The part about him founding five DBMS companies and being the CTO of one of
the largest DBMS companies in the world doesn't suggest that maybe he might
have some practical experience? The fact that he made some major contributions
to the database field somehow leads you to believe he is now confused and
talking complete nonsense? No? Yes? Okay...I guess he is just an ivory tower
egghead. My bad.

I've read the Weinreb post...and I agree with Dan's points, but they're really
just disagreeing about the definition of success. I've tried to use object
databases in industry, and I can assure you that they ARE considered failures
by most people. (I'm not saying their bad reputation is entirely deserved,
however...) By the way, Stonebraker saying that object databases are a
'failure' is not the same as him saying that RDBMS should be used for
everything. Apples and Pears ;-) Actually, Stonebraker is one of the most
vocal proponents of using non-RDBMS technologies when appropriate. See the
"One Size Fits All" paper and its follow-up.

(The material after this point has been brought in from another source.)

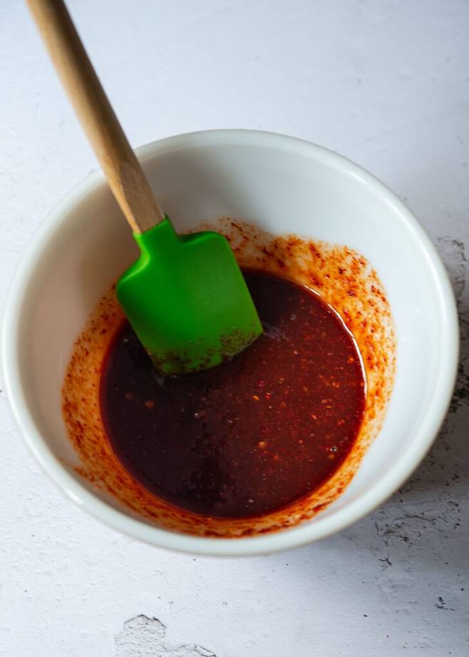 3. 볼에 고추장·고춧가루·간장·맛술·물엿·다진 마늘을 섞어 양념장을 만든다.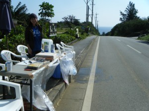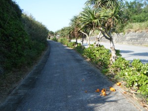 半分の50kmを越えましたが、まだ平気そうです。天気や気候はいいし、景色も最高でとても気持ちよく走れます。本州とは全然違う景色です。サトウキビ畑が本当に多いです。収穫しているおじいちゃんやおばあちゃんもたくさん見かけました。みたことのない実もたくさんなっていました。

I'm not saying I agree with everything (or even anything) that Stonebraker
writes, but I think it is a mistake to discount his opinion out of hand
because you erroneously think he is just some confused egghead who isn't up on
the latest technologies and is clinging to the RDBMS technology he is
comfortable with. That does you both a disservice. People tend to write blog
posts that argue one side or the other...the 'truth' often lies somewhere
between the two sides.

P.S.

If my reply is unnecessarily nasty, it is partly due to the fact that I have
insomnia and I'm therefore pissed off (it's 4:30am here and I have to leave on
a cross-country flight in two hours.)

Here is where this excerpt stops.